**WHAT IS EXPECTED**
In the entries below, find the line with "The latest poll" and print exactly every line from there up to and including the line with "Table à manger", with no other lines.

**RECORD SET**
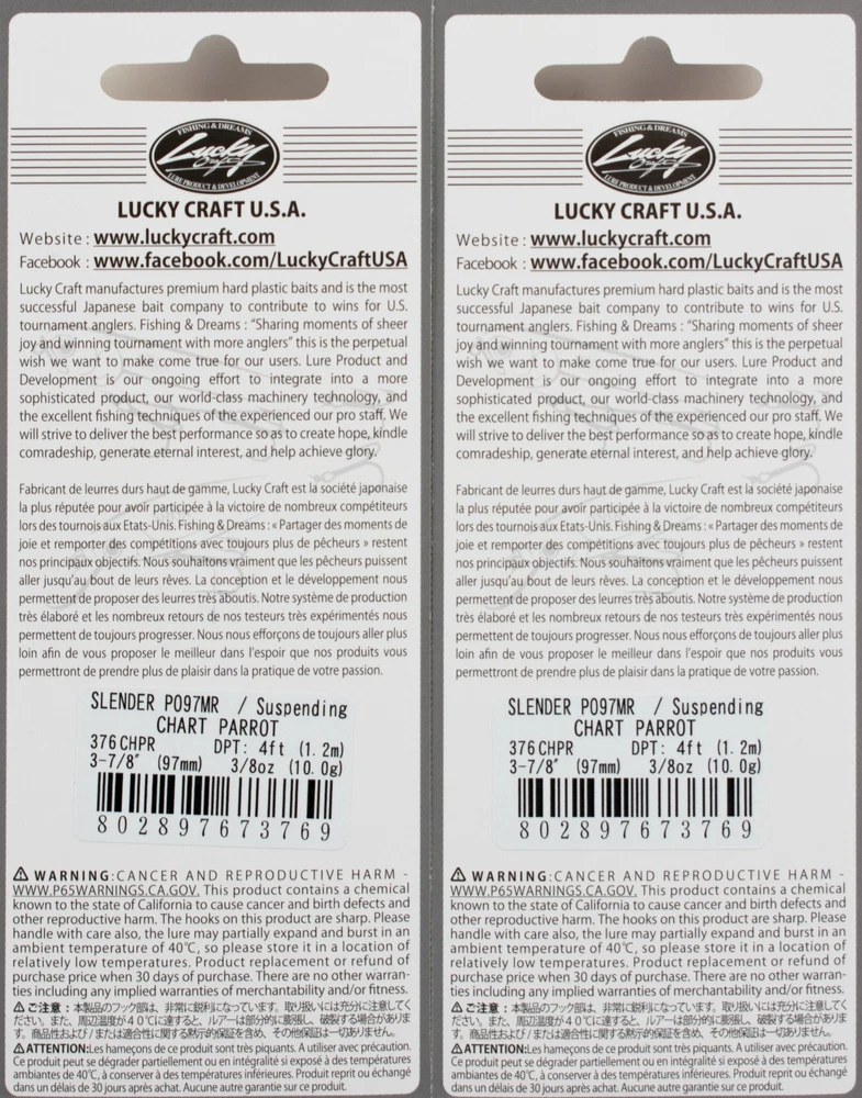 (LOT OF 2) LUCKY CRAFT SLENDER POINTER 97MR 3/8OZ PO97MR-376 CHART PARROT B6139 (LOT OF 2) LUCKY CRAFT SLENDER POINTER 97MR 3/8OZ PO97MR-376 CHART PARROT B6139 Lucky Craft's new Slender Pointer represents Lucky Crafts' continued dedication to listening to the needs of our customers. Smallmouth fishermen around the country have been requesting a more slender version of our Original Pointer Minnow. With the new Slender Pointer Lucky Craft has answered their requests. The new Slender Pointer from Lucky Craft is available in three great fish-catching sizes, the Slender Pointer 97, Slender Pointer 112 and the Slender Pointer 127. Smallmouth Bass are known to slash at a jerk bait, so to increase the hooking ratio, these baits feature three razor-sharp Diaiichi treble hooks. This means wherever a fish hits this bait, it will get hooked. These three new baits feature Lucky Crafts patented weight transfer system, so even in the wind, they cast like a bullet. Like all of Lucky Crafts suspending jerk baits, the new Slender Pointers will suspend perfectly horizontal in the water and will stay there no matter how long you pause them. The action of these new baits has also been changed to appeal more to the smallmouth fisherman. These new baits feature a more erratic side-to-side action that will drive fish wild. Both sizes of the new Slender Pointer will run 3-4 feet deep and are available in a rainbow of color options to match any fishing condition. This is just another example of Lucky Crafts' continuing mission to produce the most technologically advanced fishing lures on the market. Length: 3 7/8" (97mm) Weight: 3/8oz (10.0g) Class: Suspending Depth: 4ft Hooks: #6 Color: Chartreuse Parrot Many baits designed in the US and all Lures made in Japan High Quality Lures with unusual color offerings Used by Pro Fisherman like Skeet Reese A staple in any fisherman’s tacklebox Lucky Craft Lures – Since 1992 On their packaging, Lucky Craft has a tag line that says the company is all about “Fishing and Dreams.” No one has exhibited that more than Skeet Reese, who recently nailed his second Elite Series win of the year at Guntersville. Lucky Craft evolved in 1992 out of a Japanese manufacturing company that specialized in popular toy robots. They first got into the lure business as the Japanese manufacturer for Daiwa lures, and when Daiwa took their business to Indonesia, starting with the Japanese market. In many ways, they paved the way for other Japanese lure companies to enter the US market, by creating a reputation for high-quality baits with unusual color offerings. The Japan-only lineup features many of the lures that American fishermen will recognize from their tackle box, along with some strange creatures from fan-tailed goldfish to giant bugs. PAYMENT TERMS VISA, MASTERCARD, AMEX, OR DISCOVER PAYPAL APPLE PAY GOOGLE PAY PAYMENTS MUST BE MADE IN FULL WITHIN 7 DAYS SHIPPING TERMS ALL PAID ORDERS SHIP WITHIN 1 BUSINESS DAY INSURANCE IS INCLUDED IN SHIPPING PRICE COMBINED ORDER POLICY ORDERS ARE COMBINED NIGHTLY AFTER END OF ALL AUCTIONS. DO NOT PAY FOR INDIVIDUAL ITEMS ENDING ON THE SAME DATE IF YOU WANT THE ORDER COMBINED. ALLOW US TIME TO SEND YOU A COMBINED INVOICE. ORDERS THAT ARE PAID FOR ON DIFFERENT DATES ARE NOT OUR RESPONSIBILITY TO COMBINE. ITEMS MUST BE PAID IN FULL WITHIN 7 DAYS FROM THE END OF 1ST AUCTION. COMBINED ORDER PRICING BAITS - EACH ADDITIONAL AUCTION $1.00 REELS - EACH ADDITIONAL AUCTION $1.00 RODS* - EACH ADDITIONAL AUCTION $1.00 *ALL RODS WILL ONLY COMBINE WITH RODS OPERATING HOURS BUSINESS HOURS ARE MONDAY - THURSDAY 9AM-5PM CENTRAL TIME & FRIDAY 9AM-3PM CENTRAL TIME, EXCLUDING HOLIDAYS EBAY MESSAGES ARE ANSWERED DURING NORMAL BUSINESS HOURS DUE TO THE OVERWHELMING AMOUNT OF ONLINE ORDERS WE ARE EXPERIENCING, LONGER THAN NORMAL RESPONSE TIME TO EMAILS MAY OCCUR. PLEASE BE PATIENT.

* * *

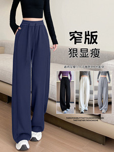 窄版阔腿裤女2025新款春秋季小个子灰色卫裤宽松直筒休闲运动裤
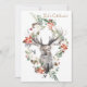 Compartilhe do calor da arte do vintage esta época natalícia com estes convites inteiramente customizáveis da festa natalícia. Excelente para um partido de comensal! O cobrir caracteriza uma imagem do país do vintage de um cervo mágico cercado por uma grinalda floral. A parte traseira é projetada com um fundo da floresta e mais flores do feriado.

* * *

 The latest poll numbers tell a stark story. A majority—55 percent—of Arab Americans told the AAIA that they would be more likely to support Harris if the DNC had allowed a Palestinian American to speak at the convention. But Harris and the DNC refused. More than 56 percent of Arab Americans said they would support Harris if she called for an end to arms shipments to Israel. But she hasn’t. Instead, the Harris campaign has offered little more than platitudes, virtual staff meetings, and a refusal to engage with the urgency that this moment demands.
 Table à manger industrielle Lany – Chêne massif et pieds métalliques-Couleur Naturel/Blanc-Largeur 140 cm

**RESULT OF THE EXERCISE**
 The latest poll numbers tell a stark story. A majority—55 percent—of Arab Americans told the AAIA that they would be more likely to support Harris if the DNC had allowed a Palestinian American to speak at the convention. But Harris and the DNC refused. More than 56 percent of Arab Americans said they would support Harris if she called for an end to arms shipments to Israel. But she hasn’t. Instead, the Harris campaign has offered little more than platitudes, virtual staff meetings, and a refusal to engage with the urgency that this moment demands.
 Table à manger industrielle Lany – Chêne massif et pieds métalliques-Couleur Naturel/Blanc-Largeur 140 cm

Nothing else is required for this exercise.